=== Exercise instructions ===
The following data needs to be repeated exactly, with all images excluded.
(Beginning of Provided material)
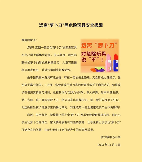 学校还通过微信向家长发放《远离“萝卜刀”等危险玩具安全提醒》,告知家长切实履行监护责任,避免孩子接触和购买“萝卜刀”等危险玩具。家校协同,共筑安全屏障,为学生们的健康成长保驾护航。
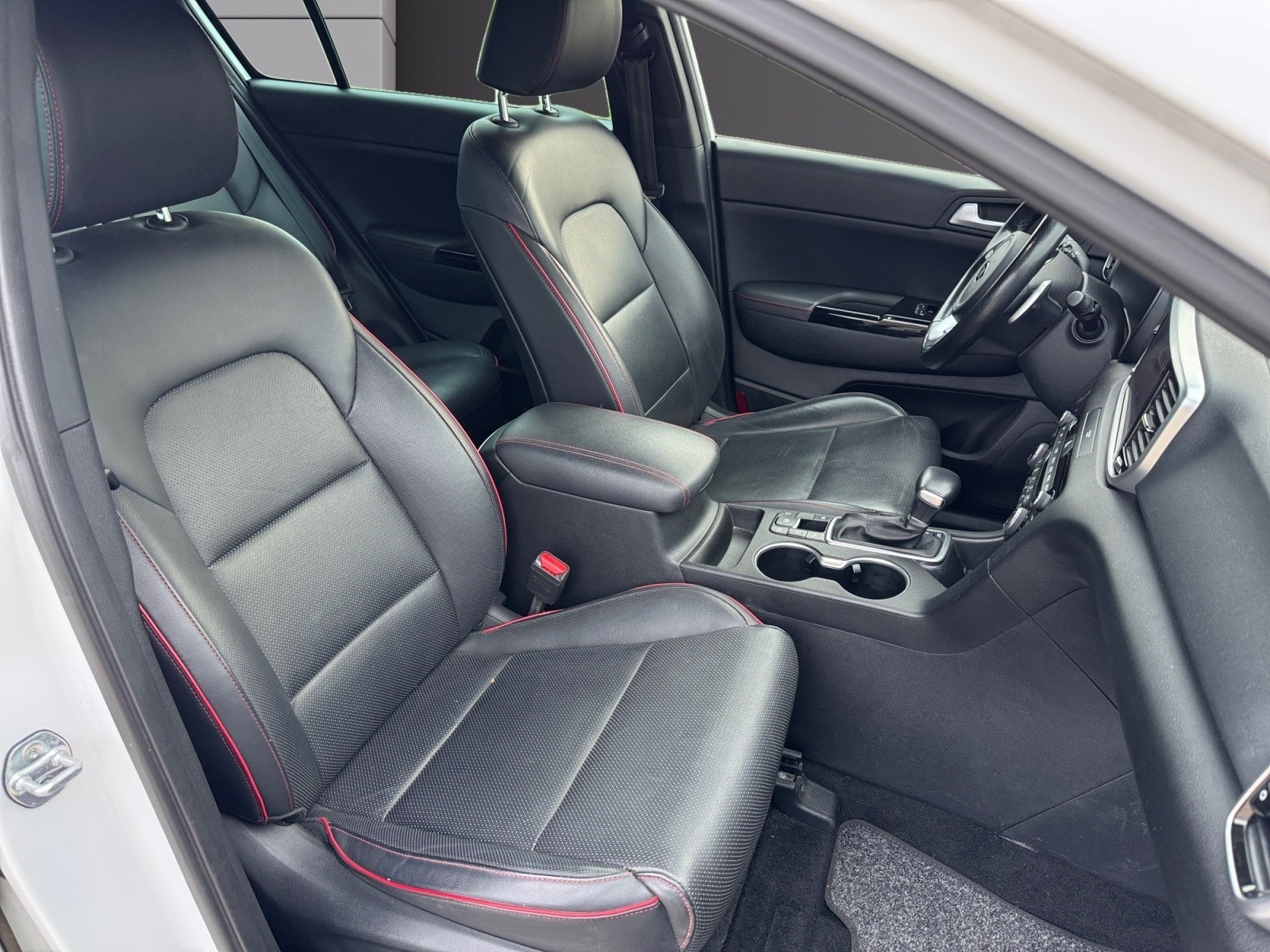 Sellerie cuir noir, cuir tendu et perforé avec surpiqûres rouges
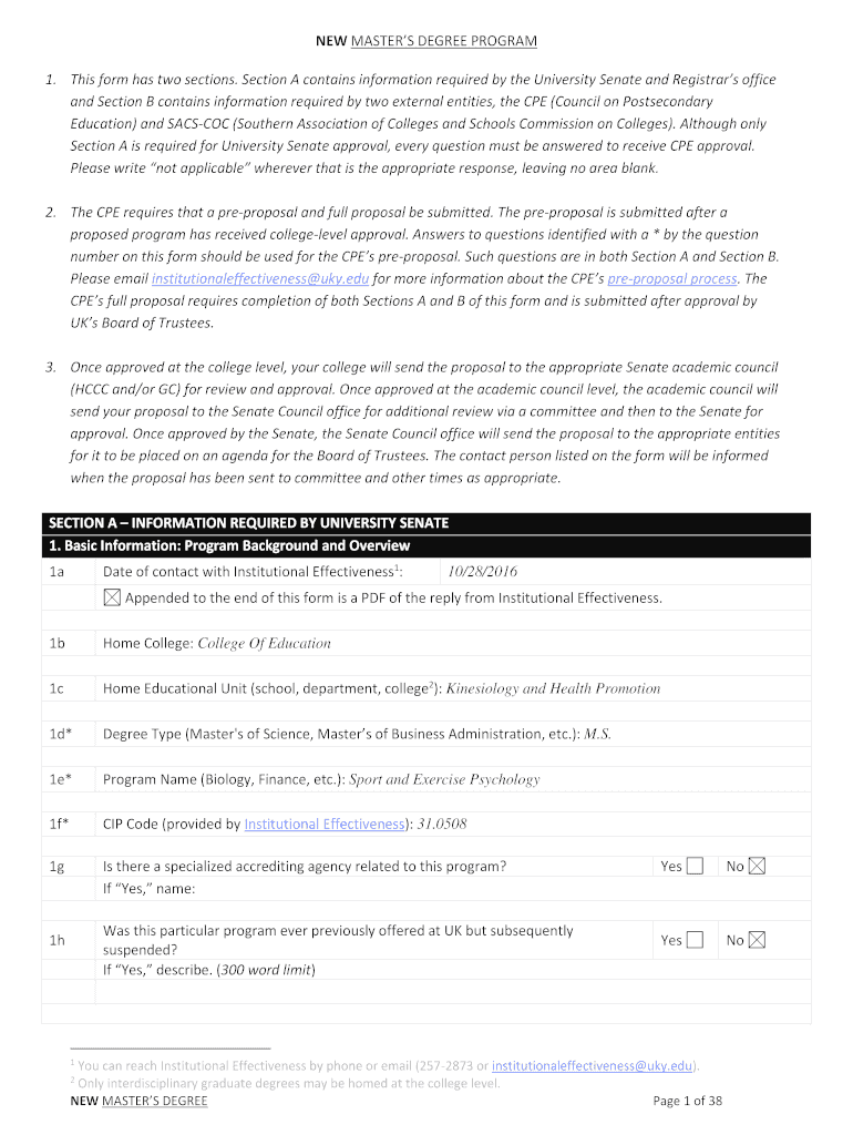 1. This form has two sections. Section A contains information required by the University Senate and Registrars office
(End of Provided material)
=== Problem solution ===
 学校还通过微信向家长发放《远离“萝卜刀”等危险玩具安全提醒》,告知家长切实履行监护责任,避免孩子接触和购买“萝卜刀”等危险玩具。家校协同,共筑安全屏障,为学生们的健康成长保驾护航。
 Sellerie cuir noir, cuir tendu et perforé avec surpiqûres rouges
 1. This form has two sections. Section A contains information required by the University Senate and Registrars office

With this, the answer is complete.